# How to Fix k-Fold Cross-Validation for Imbalanced Classification
https://machinelearningmastery.com/cross-validation-for-imbalanced-classification/

# Challenge of Evaluating Classifiers

# Failure of k-Fold Cross-Validation

In [None]:

Sadly, the k-fold cross-validation is not appropriate for evaluating imbalanced classifiers.

A 10-fold cross-validation, in particular, the most commonly used error-estimation method in machine learning, can easily break down in the case of class imbalances, even if the skew is less extreme than the one previously considered.

— Page 188, Imbalanced Learning: Foundations, Algorithms, and Applications, 2013.

The reason is that the data is split into k-folds with a uniform probability distribution.

This might work fine for data with a balanced class distribution, but when the distribution is severely skewed, it is likely that one or more folds will have few or no examples from the minority class. This means that some or perhaps many of the model evaluations will be misleading, as the model need only predict the majority class correctly.

We can make this concrete with an example.

First, we can define a dataset with a 1:100 minority to majority class distribution.

This can be achieved using the make_classification() function for creating a synthetic dataset, specifying the number of examples (1,000), the number of classes (2), and the weighting of each class (99% and 1%).

In [None]:
The example below generates the synthetic binary classification dataset and summarizes the class distribution.

In [2]:
# create a binary classification dataset
from numpy import unique
from sklearn.datasets import make_classification
# generate 2 class dataset
X, y = make_classification(n_samples=1000, n_classes=2, weights=[0.99, 0.01], flip_y=0, random_state=1)
# summarize dataset
classes = unique(y)
total = len(y)
for c in classes:
	n_examples = len(y[y==c])
	percent = n_examples / total * 100
	print('> Class=%d : %d/%d (%.1f%%)' % (c, n_examples, total, percent))

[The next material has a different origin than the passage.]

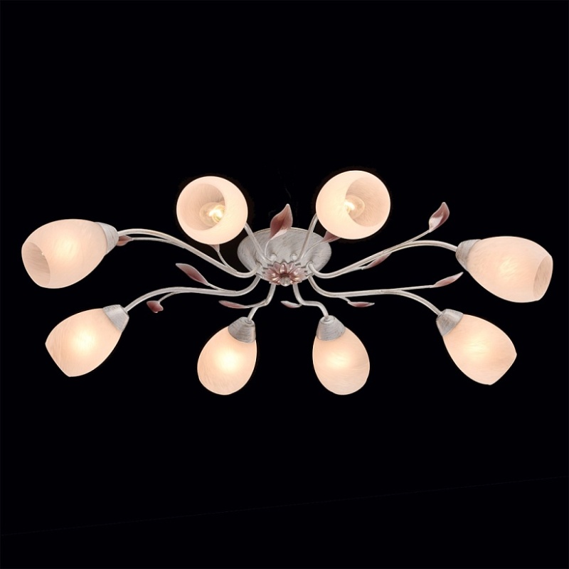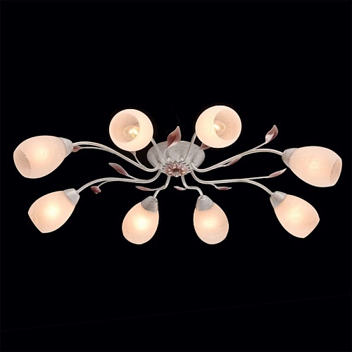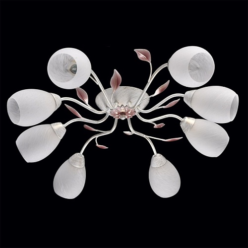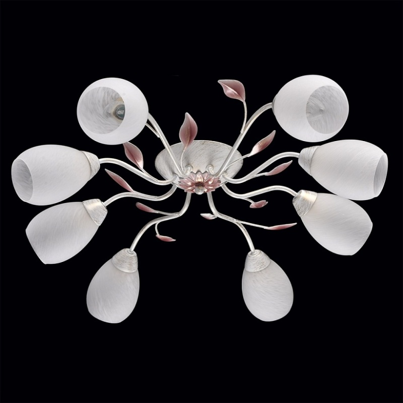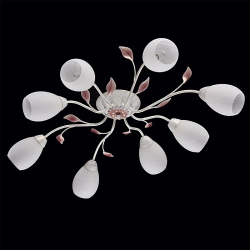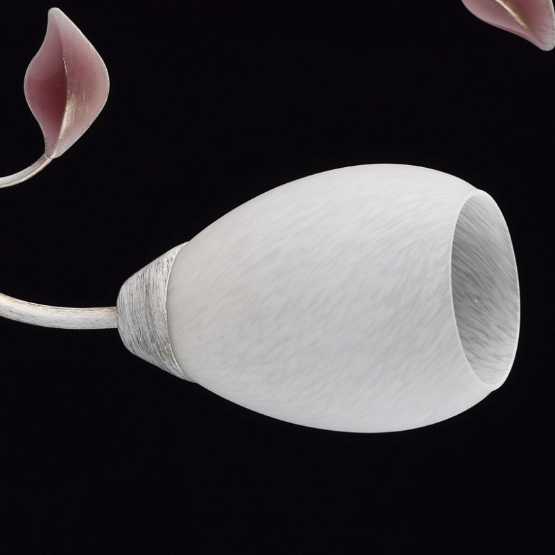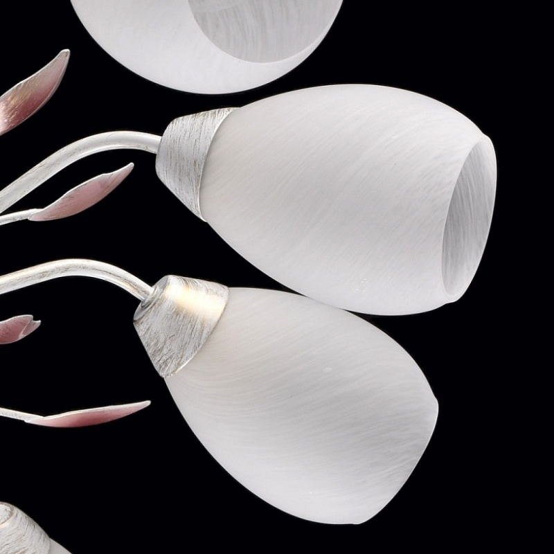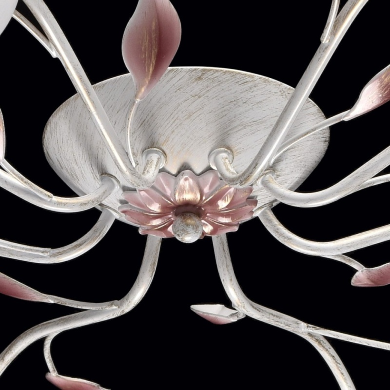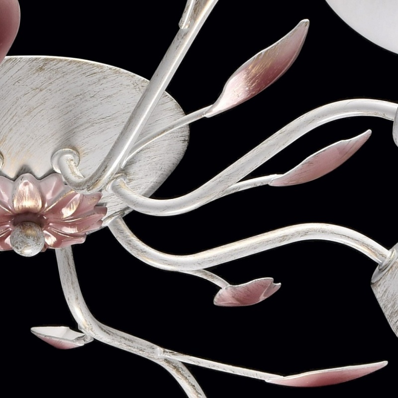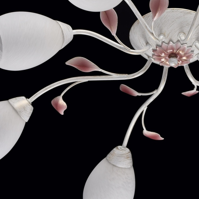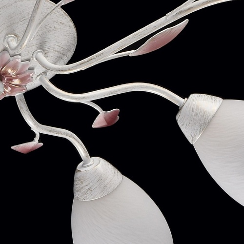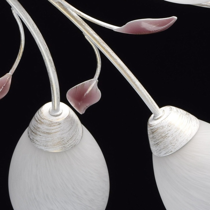 Основание: металл, окрашивание по технологии хай-лайт, основной цвет - белый, декоративный слой цвета золота. Рожки выполнены прокатом на роликовом станке.Декор: растительные элементы из металла, выполнены по технологии прессования, градуировано окрашены в розовый цвет. Плафоны: алебастровое стекло, матирование.

> Class=0 : 990/1000 (99.0%)
> Class=1 : 10/1000 (1.0%)


In [3]:
# example of k-fold cross-validation with an imbalanced dataset
from sklearn.datasets import make_classification
from sklearn.model_selection import KFold
# generate 2 class dataset
X, y = make_classification(n_samples=1000, n_classes=2, weights=[0.99, 0.01], flip_y=0, random_state=1)
kfold = KFold(n_splits=5, shuffle=True, random_state=1)
# enumerate the splits and summarize the distributions
for train_ix, test_ix in kfold.split(X):
	# select rows
	train_X, test_X = X[train_ix], X[test_ix]
	train_y, test_y = y[train_ix], y[test_ix]
	# summarize train and test composition
	train_0, train_1 = len(train_y[train_y==0]), len(train_y[train_y==1])
	test_0, test_1 = len(test_y[test_y==0]), len(test_y[test_y==1])
	print('>Train: 0=%d, 1=%d, Test: 0=%d, 1=%d' % (train_0, train_1, test_0, test_1))


>Train: 0=791, 1=9, Test: 0=199, 1=1
>Train: 0=793, 1=7, Test: 0=197, 1=3
>Train: 0=794, 1=6, Test: 0=196, 1=4
>Train: 0=790, 1=10, Test: 0=200, 1=0
>Train: 0=792, 1=8, Test: 0=198, 1=2


In [5]:

# example of train/test split with an imbalanced dataset
from sklearn.datasets import make_classification
from sklearn.model_selection import train_test_split
# generate 2 class dataset
X, y = make_classification(n_samples=1000, n_classes=2, weights=[0.99, 0.01], flip_y=0, random_state=1)
# split into train/test sets with same class ratio
trainX, testX, trainy, testy = train_test_split(X, y, test_size=0.5, random_state=2)
# summarize
train_0, train_1 = len(trainy[trainy==0]), len(trainy[trainy==1])
test_0, test_1 = len(testy[testy==0]), len(testy[testy==1])
print('>Train: 0=%d, 1=%d, Test: 0=%d, 1=%d' % (train_0, train_1, test_0, test_1))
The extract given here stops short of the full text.